What's the little bar for, looks like an external antenna for a cell phone. ; -). I am shooting a bowtech tomcat and a sage recurve. Just got the recurve set up so we will see


----------



## Warped Arrow (Jul 3, 2011)

j_seph said:


> What's the little bar for, looks like an external antenna for a cell phone. ; -). I am shooting a bowtech tomcat and a sage recurve. Just got the recurve set up so we will see



LOL!!!!! It is intended to serve as a "Pull Bar" for when that big one gets on or when the arrow is burried in mud or a stump.
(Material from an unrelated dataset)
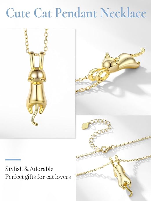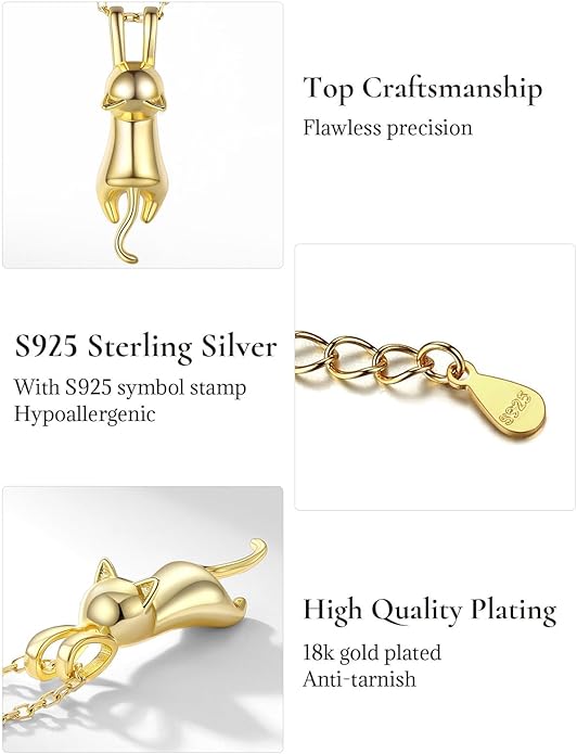 - S925 Sterling Silver Material: The whole cat necklace is made of 925 sterling silver based 14K real gold plated, which is hypoallergenic and nickel free.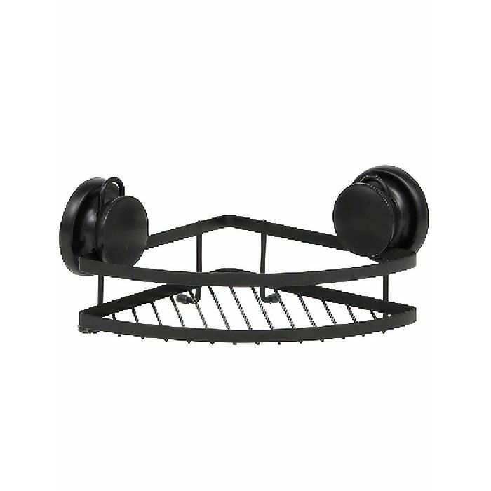 Metalna crna košarica predviđena za postavljanje u kut idealna je za odlaganje raznih kupaonskih potrepština.

Havent tried it yet, we will see what we see.

Del


----------



## Warped Arrow (Jul 8, 2011)

Got the rest and grip wrap on. Had to do some adjusting and tinkering to get it to line up right. Works GREAT!!! Now to renock the string and I will be set!!

Del


----------



## j_seph (Jul 8, 2011)

Warped Arrow said:


> Got the rest and grip wrap on. Had to do some adjusting and tinkering to get it to line up right. Works GREAT!!! Now to renock the string and I will be set!!
> 
> Del


maybe we can hook up next Friday


----------



## Warped Arrow (Jul 9, 2011)

Tweeked the nock point and am shooting great out to 20 yards!!!

Now to get a liscense and hit the water!!!!

Anyone up for taking a newbie for his first boat ride on Lake Hartwell??? I'll even buy a 6-pack as a "thank you"! LOL!!!!

Del


----------